START Information supplied
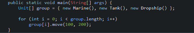 위 사진처럼 클래스간의 공통 부모가 없었다면 이처럼 하나의 배열로 다룰 수 없었을 것이다.
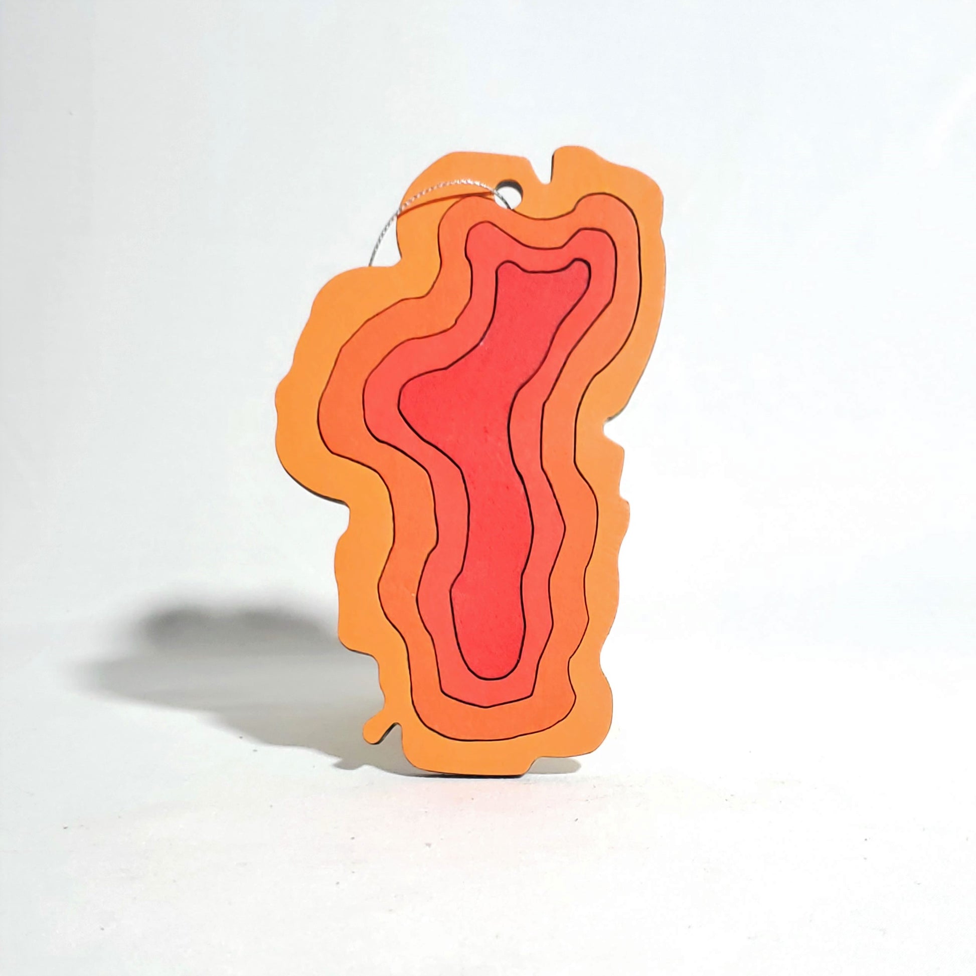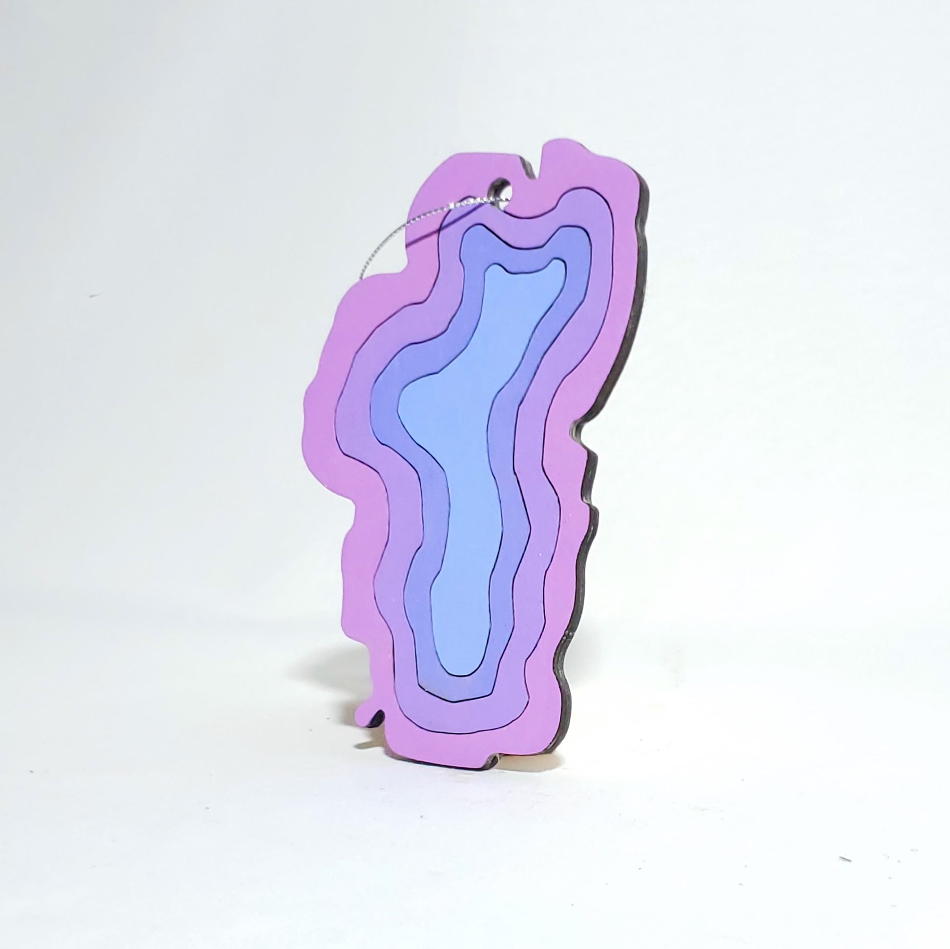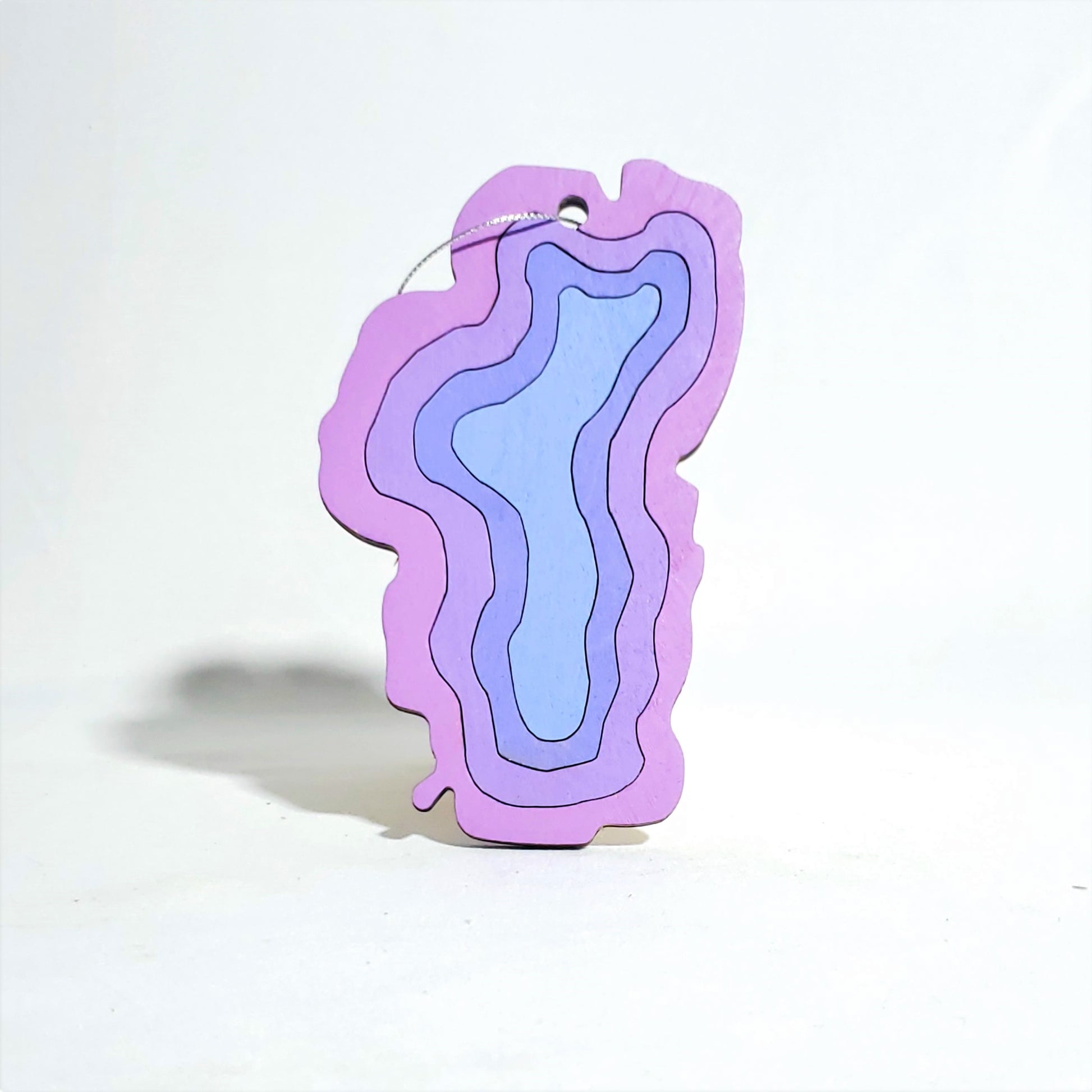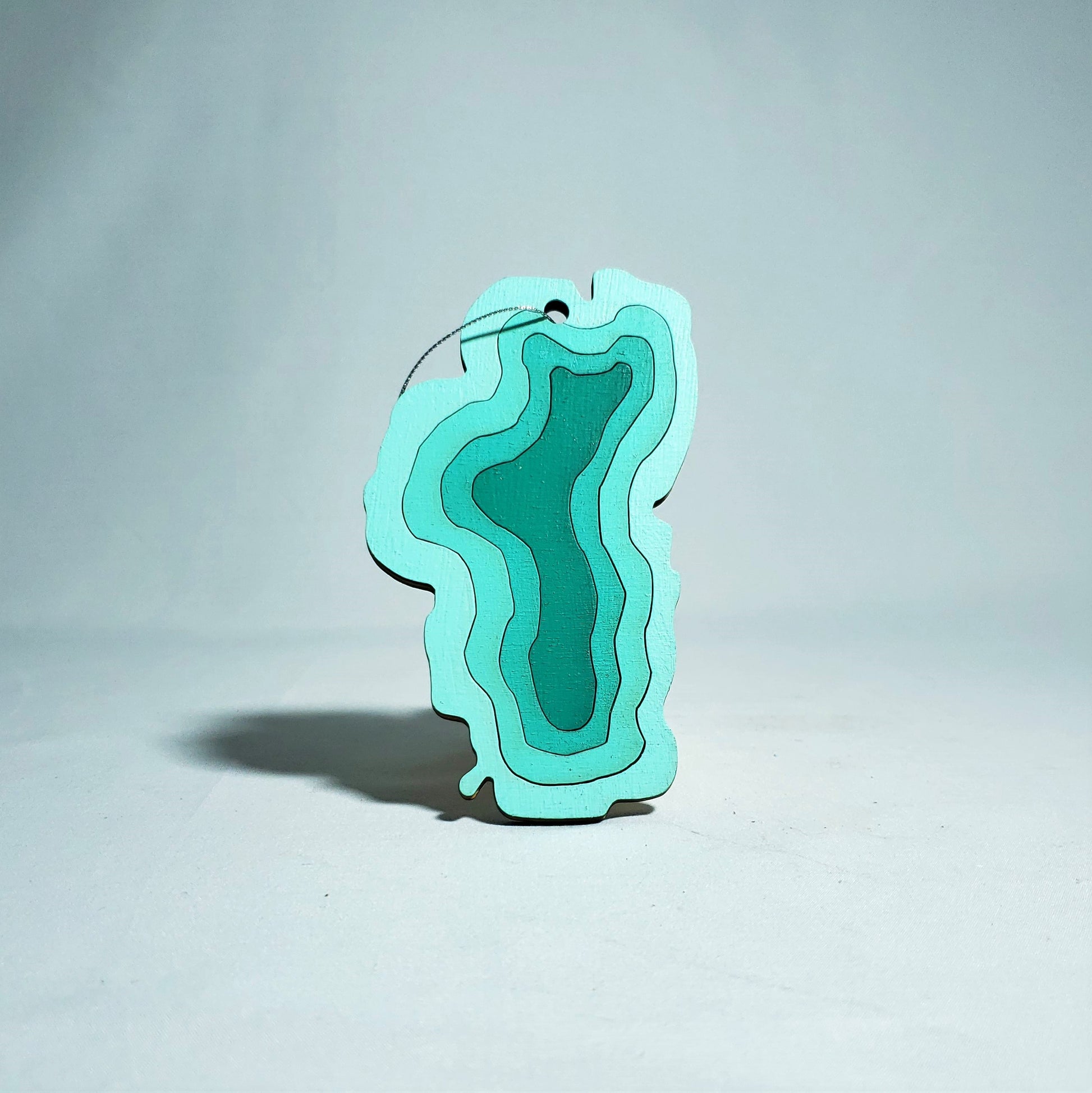 This small decorative wall hang or ornament is created using 1 layer of wood cut into rings to mimic the iconic shape of the Lake Tahoe along with some depth rings. This wall hang is a perfect fit for anyone looking to showcase their love for Lake Tahoe.
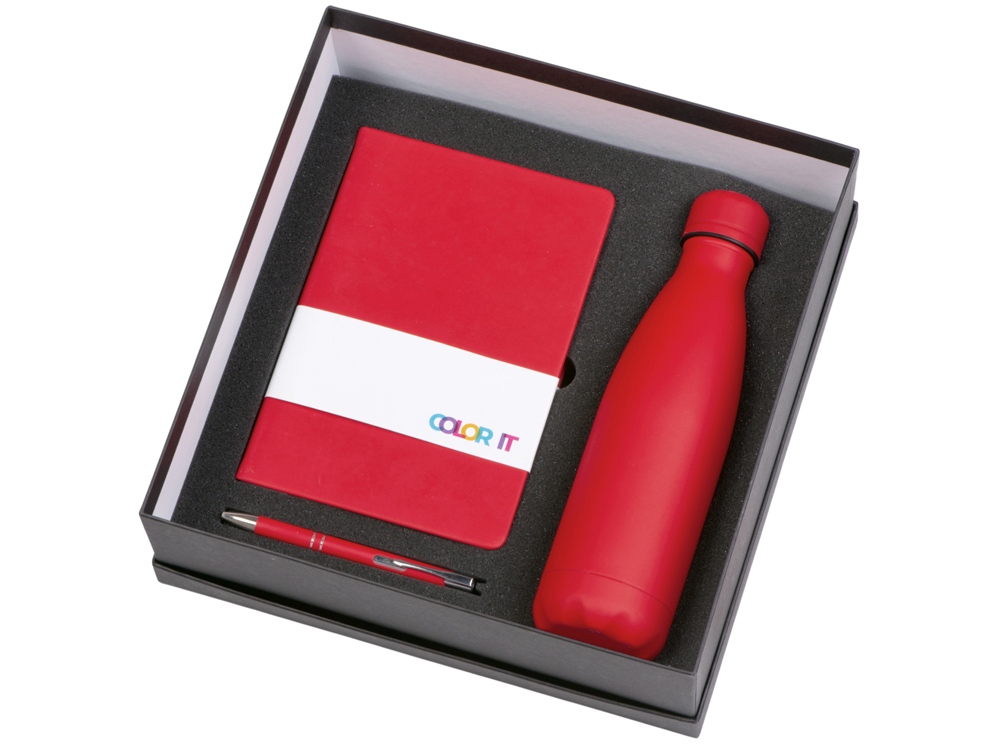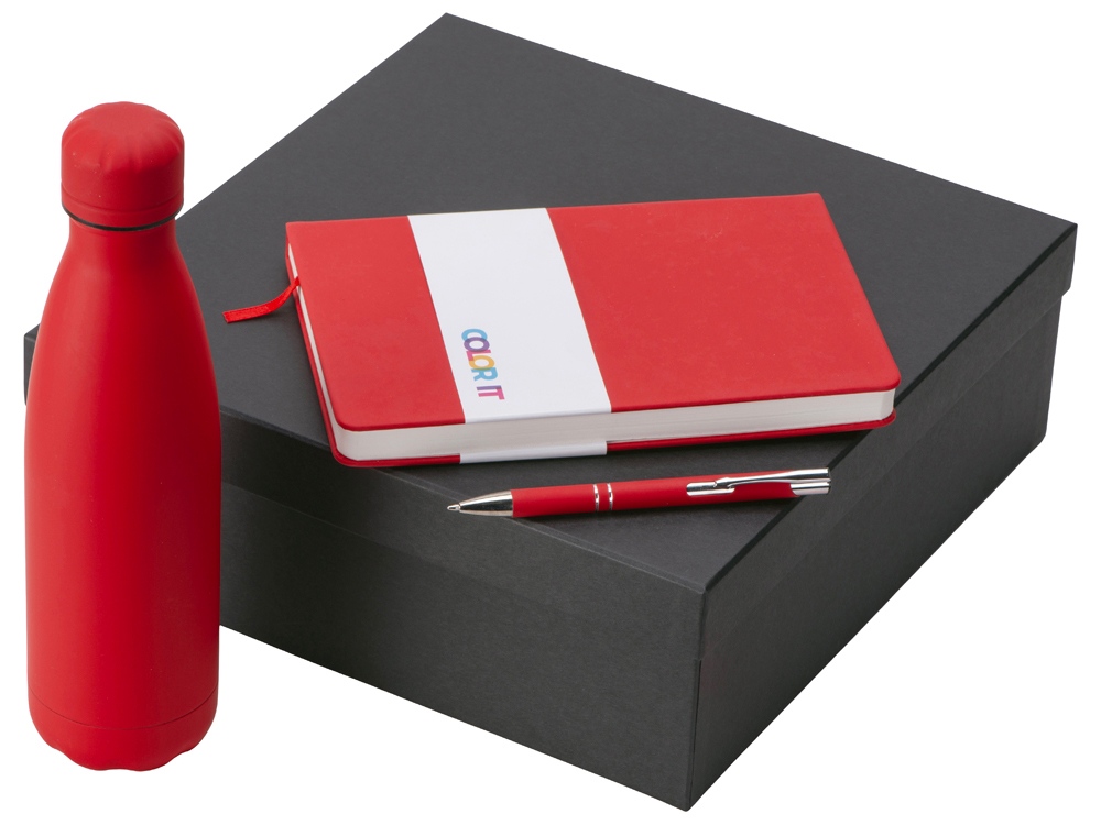 Подарочный набор с блокнотом С2, металлической ручкой и термобутылкой, красный
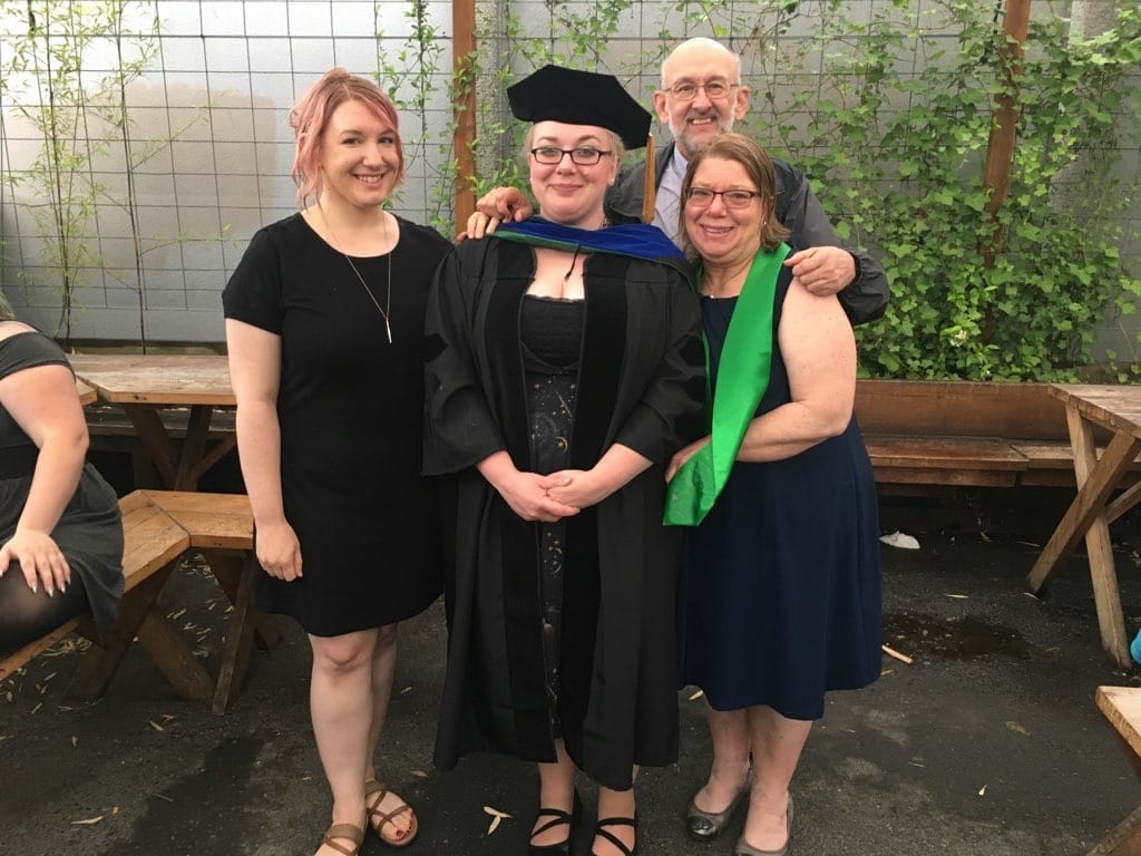 The green thing my mom’s wearing the photo is called a Gratitude Stole. It is a way for Portland State to make more money off you help you express gratitude to the people who encouraged your journey. You buy it and write something to the people you’re going to give it to, and then wear it in your ceremony to gift to them later as a thank you. I wore this one for my parents, who took some college classes when Erica and I were kids and didn’t get degrees but always told us both that we would go to college. And we did. (I wore another one at my departmental commencement to gift to my advisor, as his first and so far only graduate student, it hangs in his office.)
END Information supplied
*What to produce:*
Omit the pictures and output all of the other material exactly.

*Exercise solution:*
 위 사진처럼 클래스간의 공통 부모가 없었다면 이처럼 하나의 배열로 다룰 수 없었을 것이다.
 This small decorative wall hang or ornament is created using 1 layer of wood cut into rings to mimic the iconic shape of the Lake Tahoe along with some depth rings. This wall hang is a perfect fit for anyone looking to showcase their love for Lake Tahoe.
 Подарочный набор с блокнотом С2, металлической ручкой и термобутылкой, красный
 The green thing my mom’s wearing the photo is called a Gratitude Stole. It is a way for Portland State to make more money off you help you express gratitude to the people who encouraged your journey. You buy it and write something to the people you’re going to give it to, and then wear it in your ceremony to gift to them later as a thank you. I wore this one for my parents, who took some college classes when Erica and I were kids and didn’t get degrees but always told us both that we would go to college. And we did. (I wore another one at my departmental commencement to gift to my advisor, as his first and so far only graduate student, it hangs in his office.)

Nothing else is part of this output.